(Source records)
——————

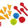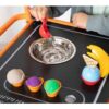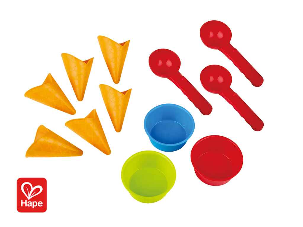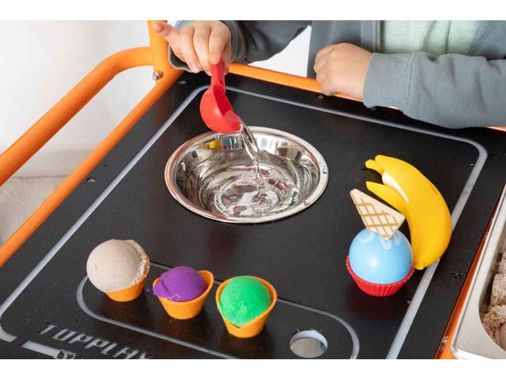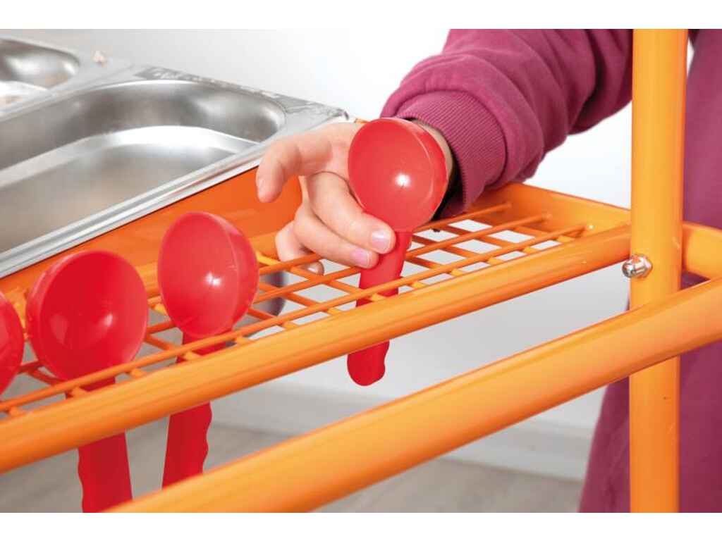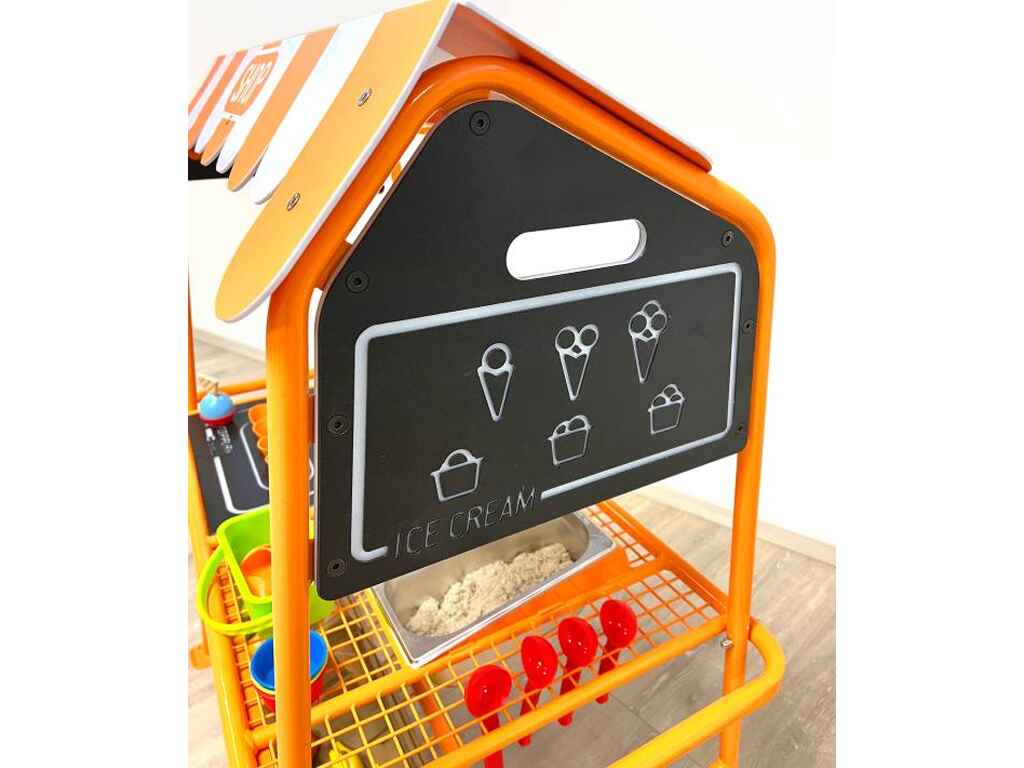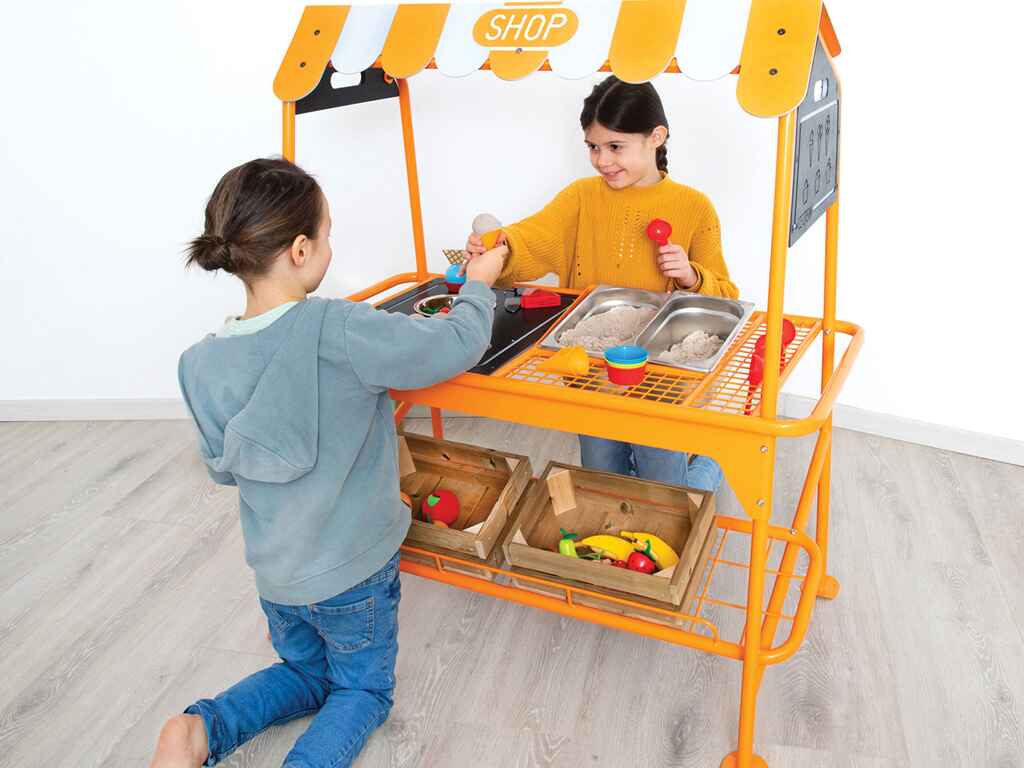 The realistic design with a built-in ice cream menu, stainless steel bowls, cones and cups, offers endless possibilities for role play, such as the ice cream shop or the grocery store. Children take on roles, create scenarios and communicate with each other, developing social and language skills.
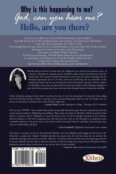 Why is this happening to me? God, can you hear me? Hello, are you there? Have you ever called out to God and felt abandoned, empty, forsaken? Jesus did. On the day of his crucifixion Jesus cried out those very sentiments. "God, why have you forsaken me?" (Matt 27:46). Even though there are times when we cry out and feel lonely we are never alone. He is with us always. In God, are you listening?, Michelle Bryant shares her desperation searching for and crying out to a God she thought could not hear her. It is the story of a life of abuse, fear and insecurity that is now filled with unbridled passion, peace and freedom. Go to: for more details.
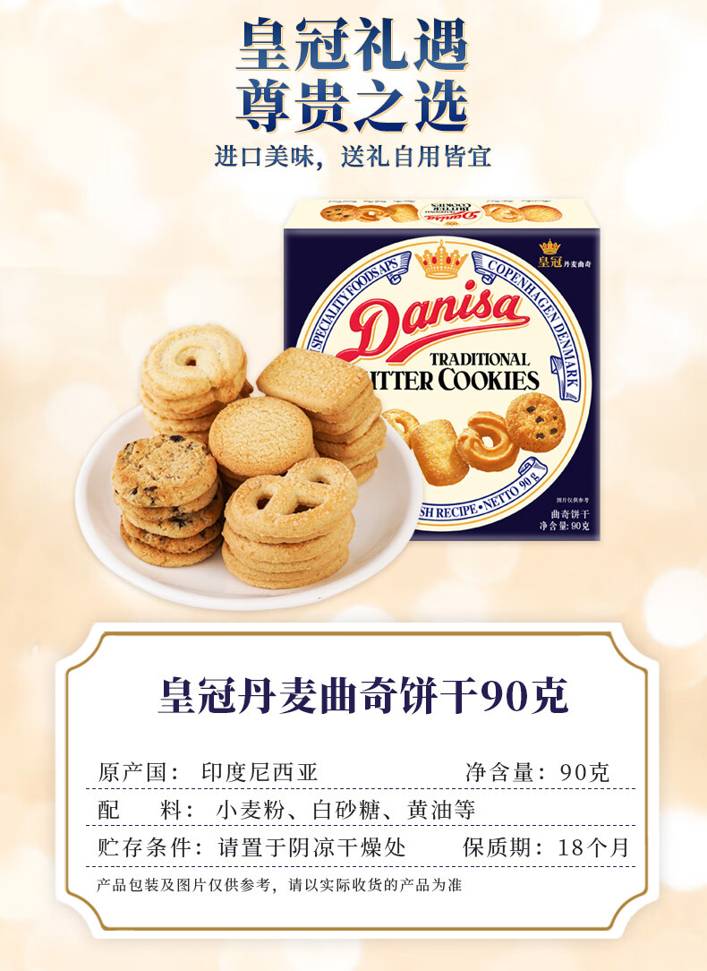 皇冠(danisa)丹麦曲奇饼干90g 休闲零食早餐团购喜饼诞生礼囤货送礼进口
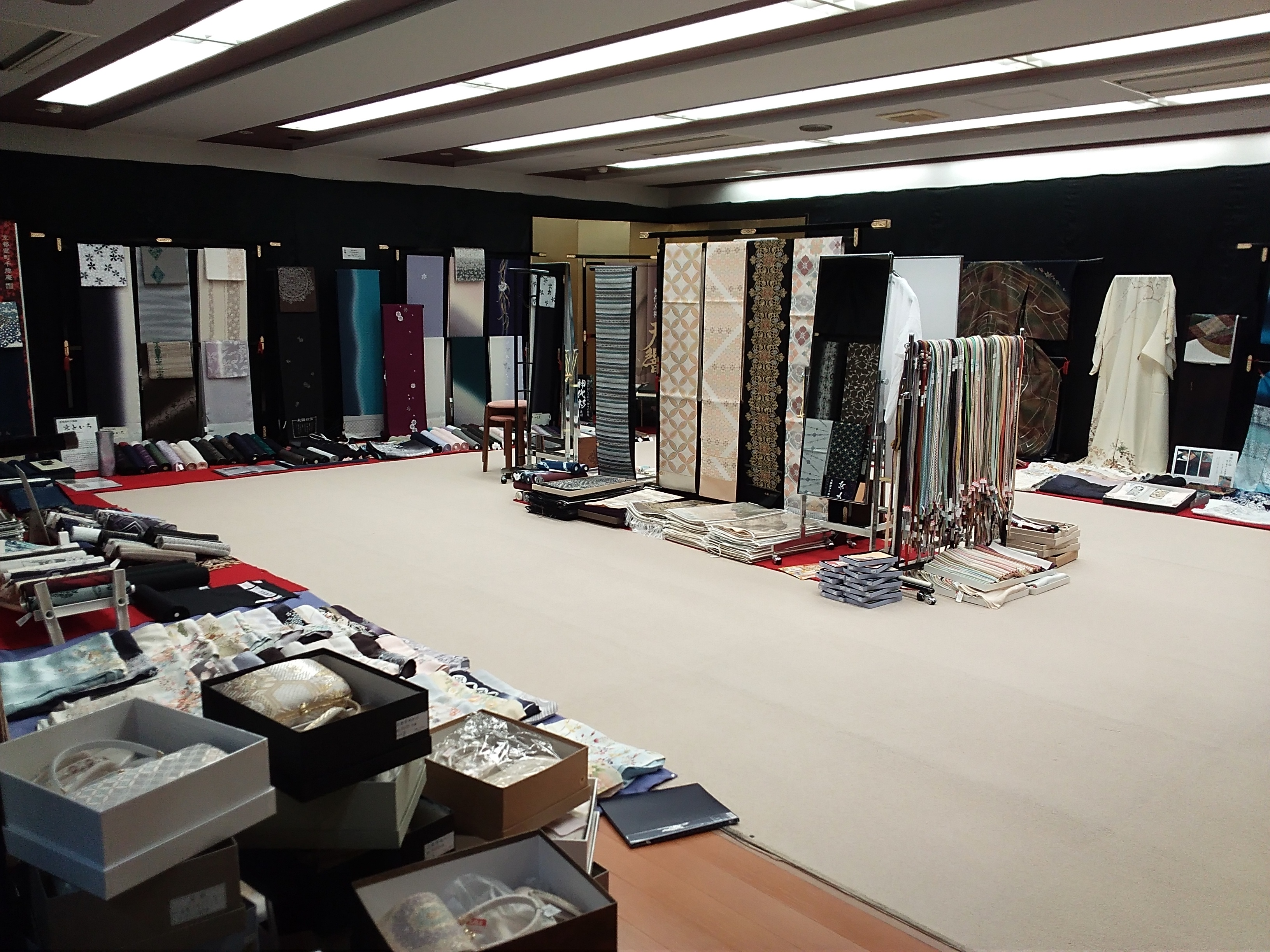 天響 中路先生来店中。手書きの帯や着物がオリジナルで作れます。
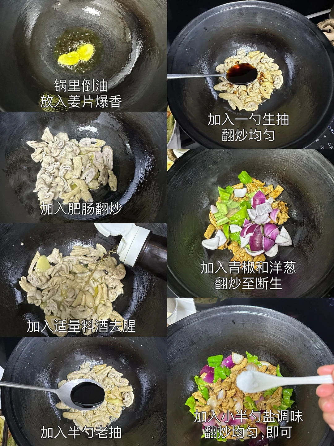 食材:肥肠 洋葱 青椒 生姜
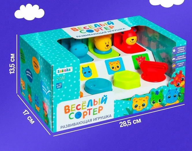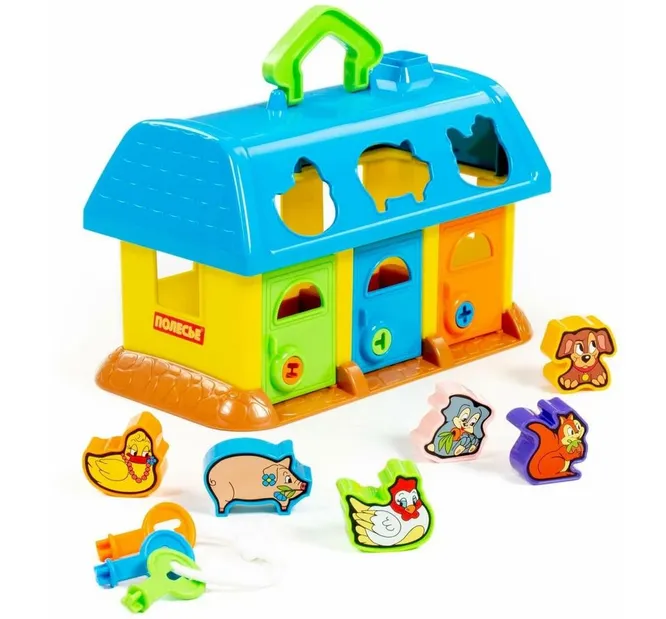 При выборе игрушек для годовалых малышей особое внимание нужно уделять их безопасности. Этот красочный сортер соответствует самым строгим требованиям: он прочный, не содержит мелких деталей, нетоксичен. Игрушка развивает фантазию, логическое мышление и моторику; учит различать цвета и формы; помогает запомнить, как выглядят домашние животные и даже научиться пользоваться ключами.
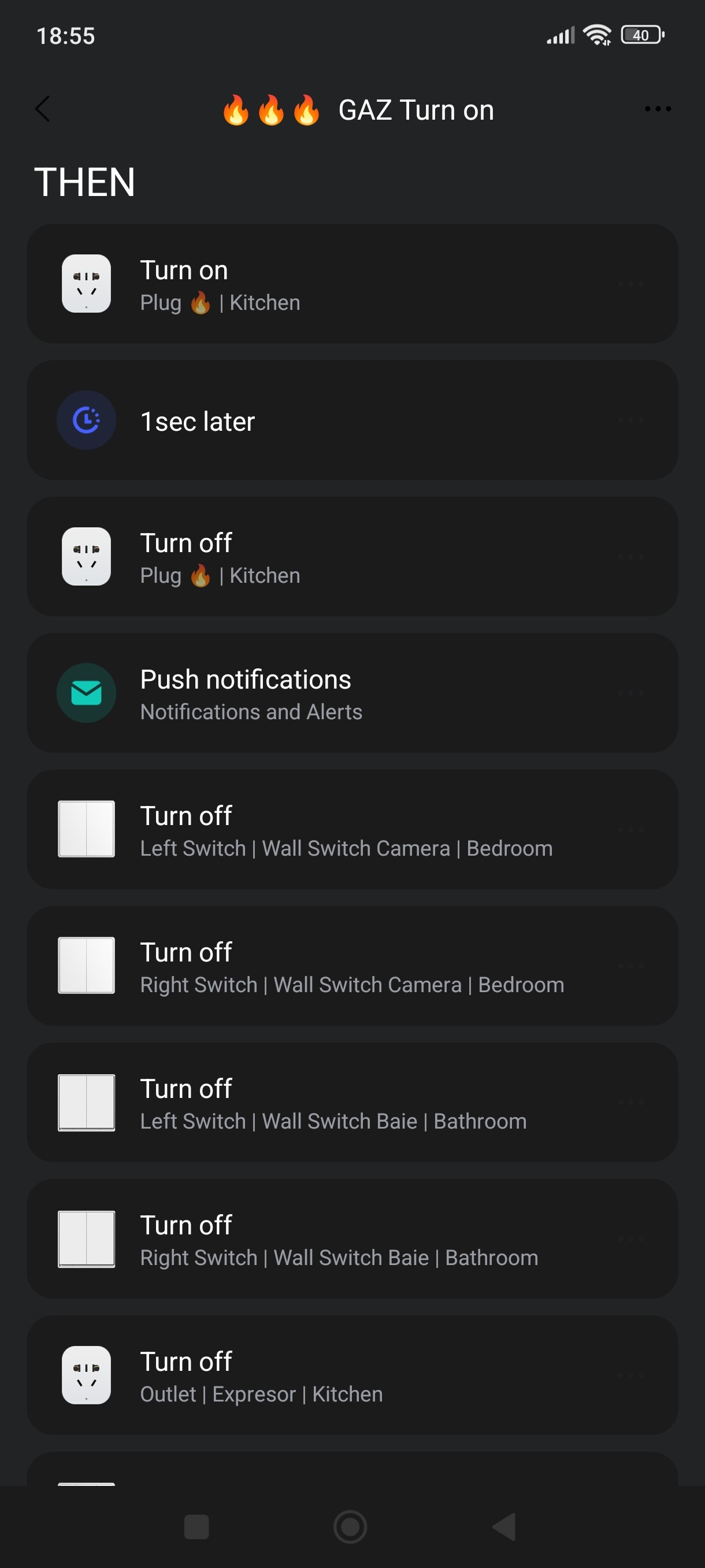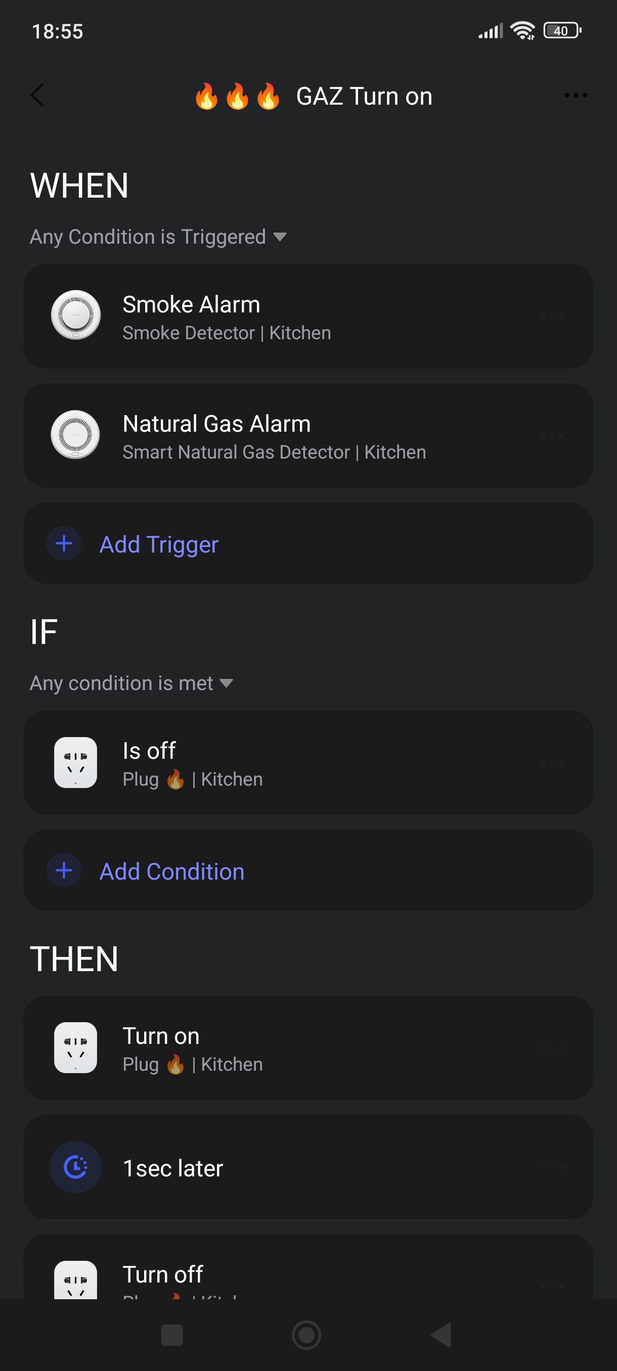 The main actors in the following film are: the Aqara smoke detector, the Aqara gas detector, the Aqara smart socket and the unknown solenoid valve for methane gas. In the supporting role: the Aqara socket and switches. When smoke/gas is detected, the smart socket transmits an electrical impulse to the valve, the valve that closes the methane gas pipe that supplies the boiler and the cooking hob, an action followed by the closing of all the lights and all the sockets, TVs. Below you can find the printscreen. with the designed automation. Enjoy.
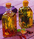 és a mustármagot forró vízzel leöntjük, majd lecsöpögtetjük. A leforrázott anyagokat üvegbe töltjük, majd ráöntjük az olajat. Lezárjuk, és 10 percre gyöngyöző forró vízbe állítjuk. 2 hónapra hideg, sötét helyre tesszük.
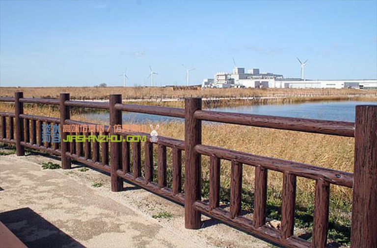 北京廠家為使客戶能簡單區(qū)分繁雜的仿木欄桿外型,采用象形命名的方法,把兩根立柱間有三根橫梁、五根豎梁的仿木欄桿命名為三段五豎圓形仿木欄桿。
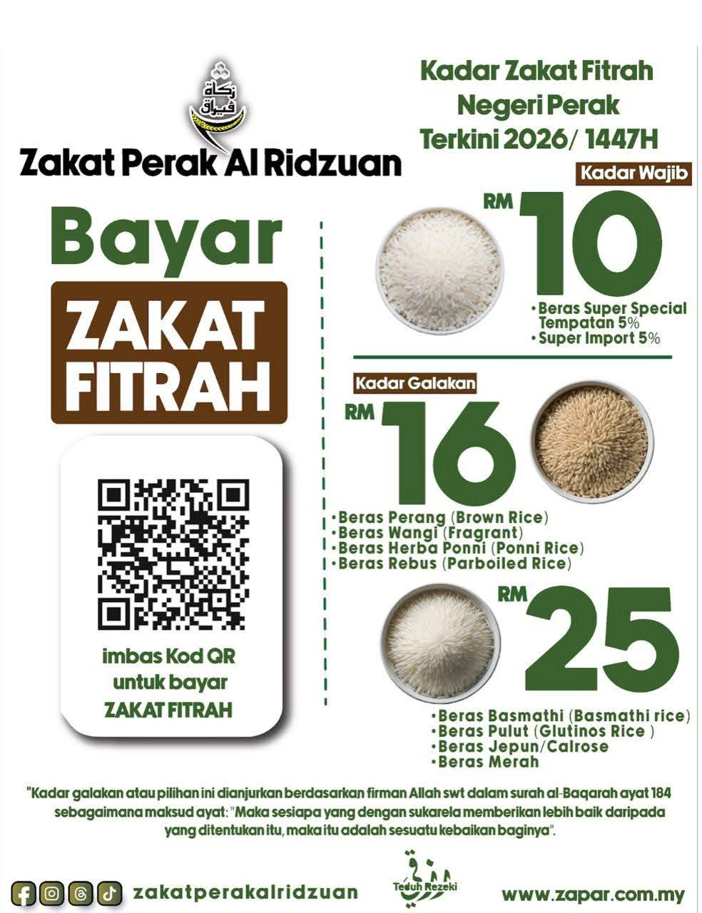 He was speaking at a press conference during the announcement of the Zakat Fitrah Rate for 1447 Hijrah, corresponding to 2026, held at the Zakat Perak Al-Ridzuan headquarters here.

——————

• _Exercise instructions_: Reproduce exactly the lines of the data above that run from the line with "食材:肥肠 洋葱 青椒 生姜" down to the line with "При выборе игрушек", both ends included. Pictures do not belong in the copy.

• _Completed task_:
 食材:肥肠 洋葱 青椒 生姜
 При выборе игрушек для годовалых малышей особое внимание нужно уделять их безопасности. Этот красочный сортер соответствует самым строгим требованиям: он прочный, не содержит мелких деталей, нетоксичен. Игрушка развивает фантазию, логическое мышление и моторику; учит различать цвета и формы; помогает запомнить, как выглядят домашние животные и даже научиться пользоваться ключами.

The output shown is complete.